At Vild Nord, primarily two departments were involved – Finance and Logistics & Production – as these are the two departments with the highest system requirements and the most interaction: "The interview process also gave them some room to describe and explain the state of affairs more clearly because it is easier to say to someone from outside. Which, in my opinion, only contributes positively to our upcoming ERP solution," Kenneth emphasises.

Why choose an external advisor to conduct the preliminary analysis? 

Kenneth suggests investing in a preliminary analysis: "Some might doubt whether it adds value and be tempted to skip it. But the preliminary analysis allows for both concretising the project and allocating budget and resources. And you have a different overview when you have moved some of the decisions to before the start of the actual ERP project."

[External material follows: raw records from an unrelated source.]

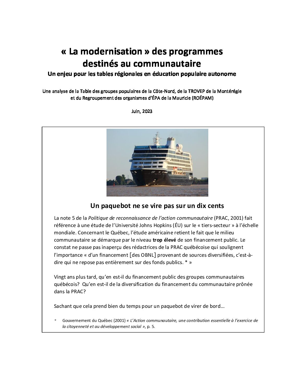 L’ensemble des démarches d’apprentissage et de réflexion critique par lesquelles des citoyens et citoyennes mènent collectivement des actions qui amènent une prise de conscience individuelle et collective au sujet de leurs conditions de vie ou de travail, et qui visent, à court, moyen ou à long terme, une transformation sociale, économique, culturelle et politique de leur milieu.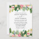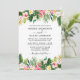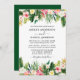O Convite para o Casamento de Calor Tropical de Cor Aquosa Moderna inclui flores de hibisco rosa, flores brancas, flores amarelas, palmeiras e verde botânico. Palm Green Back.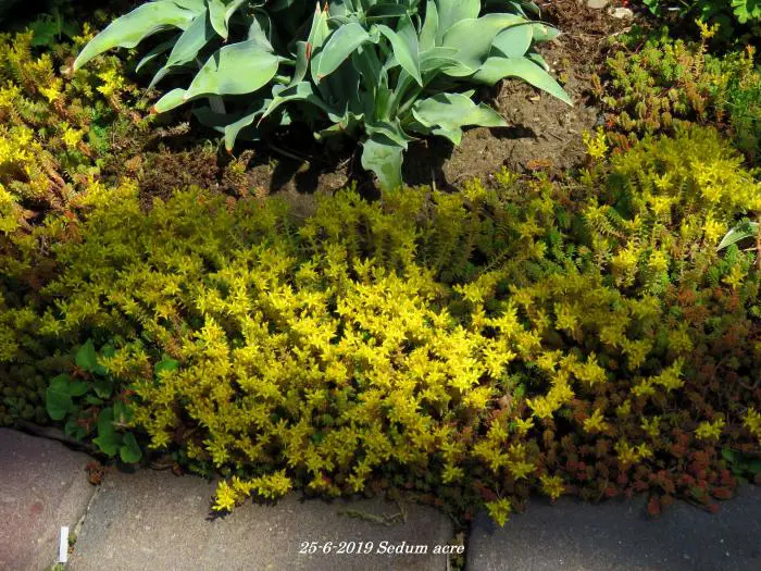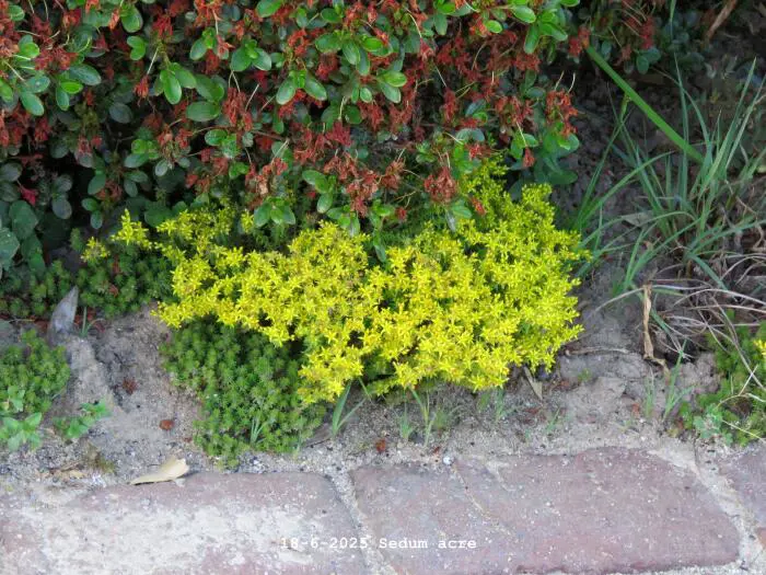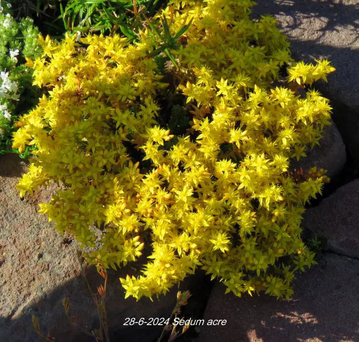 Sedum acre is een kleine vaste plant die ideaal is om vergeten hoekjes te bedekken met een tapijt van glanzende gele sterachtige bloempjes.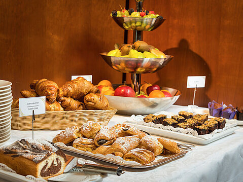 Freunde der Vollwertkost freuen sich über die Auswahl an Müslis und Vollkornprodukten, süße Frühstücker greifen bei Croissants und Briochegebäck mit Honig von der Imkerei Herold aus Gratwein zu. Für den herzhaften Appetit bereiten wir für Sie in unserer Küche gerne zahlreiche Eiergerichte zu. Frisch aufgeschnittenes Obst und Gemüse sowie herrliche Säfte versorgen Sie morgens mit Vitaminen, sodass Sie optimal in den kommenden Tag starten.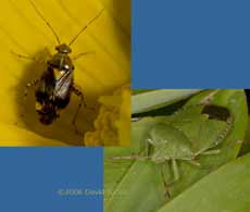 Finally, a couple of bugs with appropriate colourings. First, on the right is a regular Summer visitor a Common Green Shield Bug which closely matches the green of the bamboo leaves it was resting on. The other, much smaller bug (about 5mm long) is possibly a Tarnished Plant Bug (Lygus rugulipennis) and has yellow patches that match the Marsh Marigold flower it was on. Two insects worthy of note, but not photographed, was a Bee-fly, possibly Bombylius major, which I saw feeding at a Violet, and a pair of Holly Blue Butterflies which passed through the garden without landing.
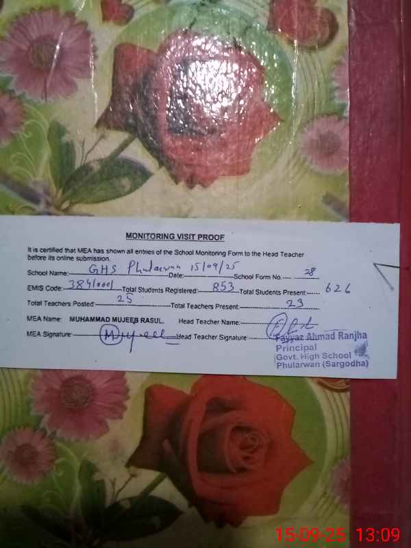 | EMIS Code: 38410001 | Name of School: GHS PHULARWAN | |||

Kenneth continues: "And in my opinion, it is always value-adding to get an external perspective. It helps you as a manager, as well as the company, to get out of the details and focus on the strategic level."

About Vild Nord

In the summer of 2019, Vild Nord developed its first collagen products with a strong love for the Nordic region, which still forms the foundation of Vild Nord today. And in September of the same year, they launched their first seven food-state collagen variants based on marine collagen from the Norwegian producer Seagarden.

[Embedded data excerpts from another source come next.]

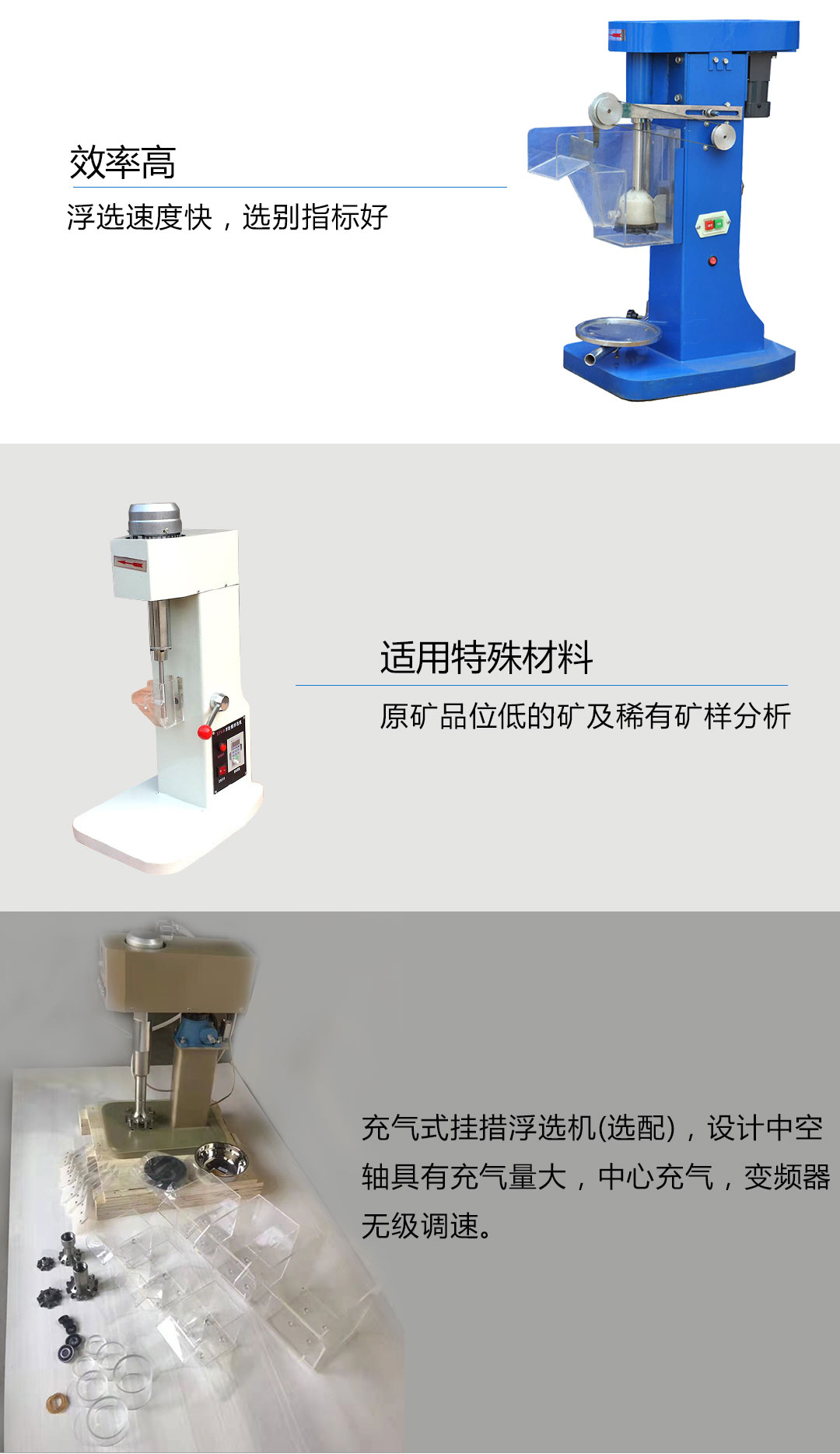 5、充氣式掛措浮選機(選配),設計中空軸具有充氣量大,中心充氣,變頻器無級調速。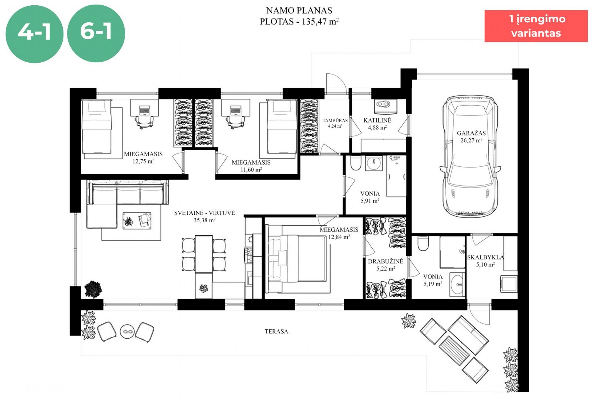 Namo plotas: 136 m2 (iš jų 26 m2 garažas)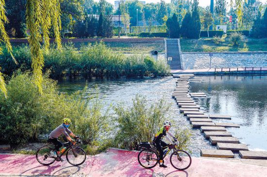 改造后的涼水河豐臺(tái)段沿岸綠化與慢行系統(tǒng)融合,為市民休閑騎行增添更多樣的景觀體驗(yàn)。 本報(bào)記者 鄧偉攝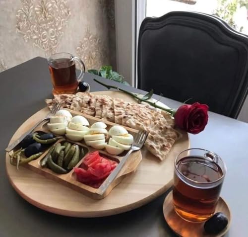 Generic - صينية تقديم دوارة خشبية دائرية، لون طبيعي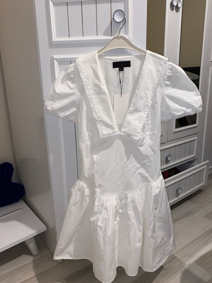 V yaka, kısa kollu, salaş kesime sahip beyaz midi elbise. Drapeli tasarımı ve sokak modası tarzıyla günlük kullanıma uygun.
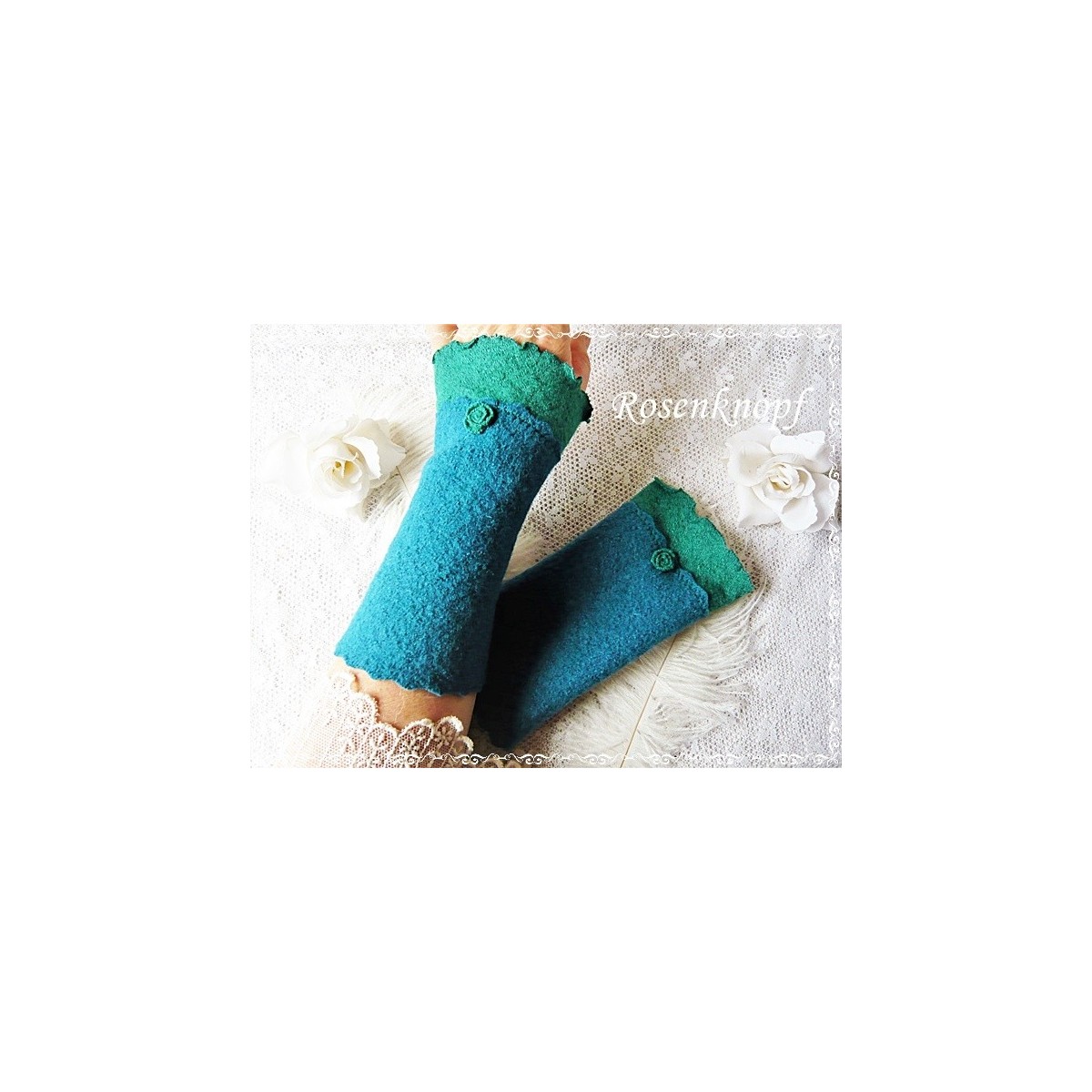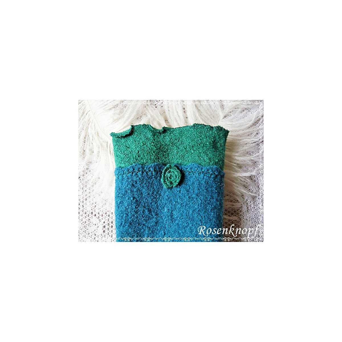 "BLAUPY" wurden aus Walk in dunklem Türkis/Petrol und Smaragdgrün gefertigt und mit einer von mir handgefertigten Walkrose verziert.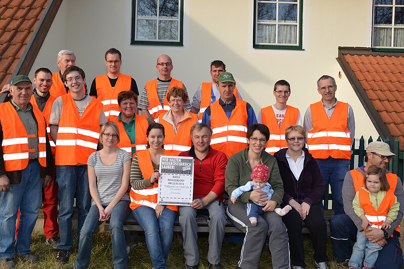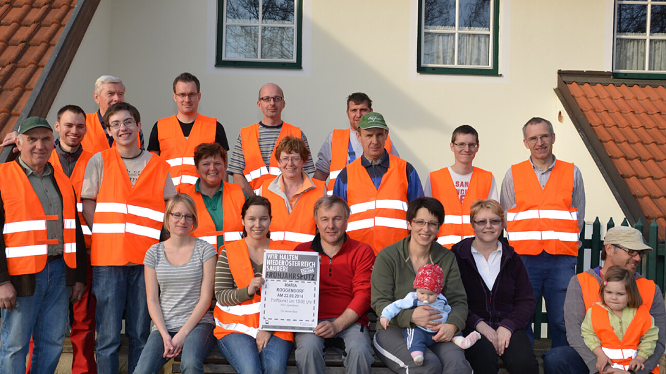 Nach der Ausstattung mit Warnwesten, Handschuhen und Müllsäcken, alles zur Verfügung gestellt von der Aktion Stopp Littering der NÖ Abfallverbände, machten sich die 20 Dorfbewohner an die Arbeit. Man teilte sich in mehrere Gruppen. Die Mitglieder der Jagdgesellschaft übernahmen das Reinigen der Windschutzanlagen, wo naturgemäß viele angewehte Kunststofffolien einzusammeln waren. Die Jugendgruppe war wieder entlang der umliegenden Landesstraßen und Entwässerungsgräben mit dem Einsammeln des achtlos weggeworfenen Mülls von Autofahrern beschäftigt. Die restlichen Teilnehmer reinigten den Schüttberg, den Weg und den Vorplatz des Friedhofes und die Altglassammelinsel.

Since then, the Vild Nord brand has grown side by side with Seagarden's own collagen brand as competitors in their respective local markets: Vild Nord is strong in unique Nordic products, and the Seagarden brand is strong in collagen, but they share a great trust in the magnificent Nordic nature and their values. At the end of 2021, the two collagen brands merged.

Today, Vild Nord is a Danish/Norwegian-owned company with offices in Copenhagen, Oslo and Cap d'Antibes.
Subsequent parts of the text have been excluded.